> The Professional tier is made for high-end 3D CAD, Creative Suite, GIS etc.
What I'd love is to use a virtual terminal that has every application possible pre-installed or available on demand and runs like a citrix application with payment by time/cpu or whatever makes sense.
So I want to use AutoCAD, I find it in the catalog of apps, use it for 20 minutes, pay 2 dollars or whatever. I want Visual Studio 2013, I find it in the catalog, use it for 2 hours, pay a dollar fifty.
Then all I need is a cheap laptop with a nice screen and I'm good for years and years.
Paperspace founder here. One of the things we are most excited about is rapidly evolving cloud licensing models. Adobe (among others) has paved the way for a more on-demand version like what you are describing. I think a lot of other companies will move in this direction as well. We definitely share your vision and hope to offer pre-configured machines as well as on-demand apps in the future. Also, you can clone a VM and distribute it really easily which could be interesting (a dumber approach to what you're talking about).
What about sharing - heavy - files with coworkers not using this app? What about uploading files? It feels to me like working in a bubble... but maybe I'm wrong.
How about some sort of dropbox like syncing? Put your files in a shared dropbox folder, sync dropbox folder on remote VM, save your work on remote VM when done, changes get synced back to shared dropbox folder.
Obviously not perfect and obviously problematic if lots of people try working on the same file at the same time, but should solve at least some of the problems.
No company can provide this because the kind of service you want needs to be licensed by the software creators: Microsoft, Autodesk, etc. I don't think it would be an easy job to convince these big companies.
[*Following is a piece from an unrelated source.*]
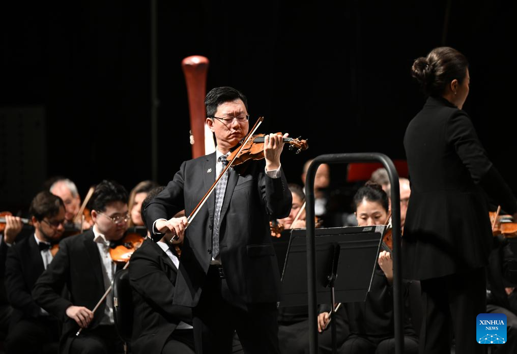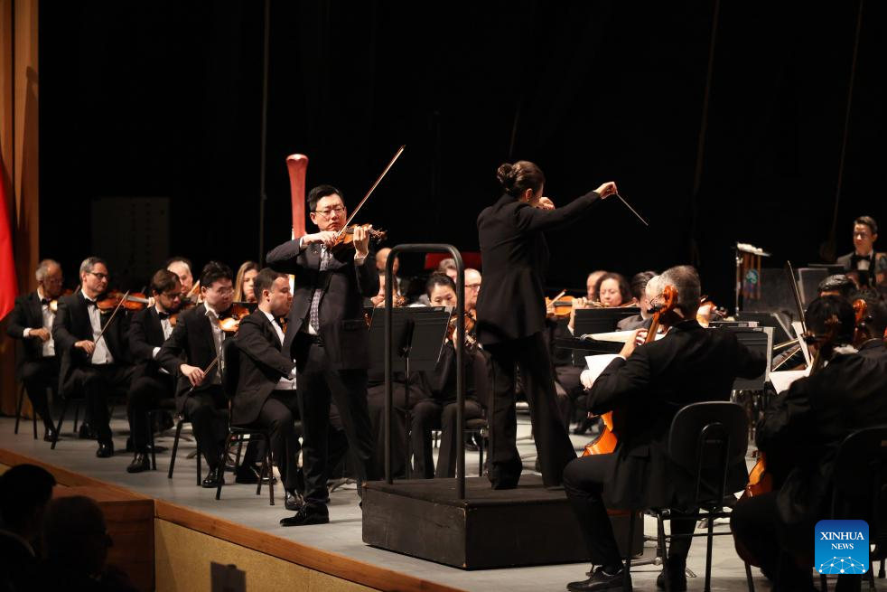 Chinese violinist Yao Liang from the China National Symphony Orchestra performs during the "China-Brazil Cultural Year" concert held at the FHE Poupex theatre in Brasilia, Brazil, April 7, 2026. The "China-Brazil Cultural Year" concert opened here on Tuesday. Jointly presented by the China National Symphony Orchestra and the Claudio Santoro National Theater Symphony Orchestra from Brazil, it showcased the cultural charm of both countries through a dialogue of music. (Xinhua/Jin Haoyuan)

What I'd love is to use a virtual terminal that has every application possible pre-installed or available on demand and runs like a citrix application with payment by time/cpu or whatever makes sense.
So I want to use AutoCAD, I find it in the catalog of apps, use it for 20 minutes, pay 2 dollars or whatever. I want Visual Studio 2013, I find it in the catalog, use it for 2 hours, pay a dollar fifty.
Then all I need is a cheap laptop with a nice screen and I'm good for years and years.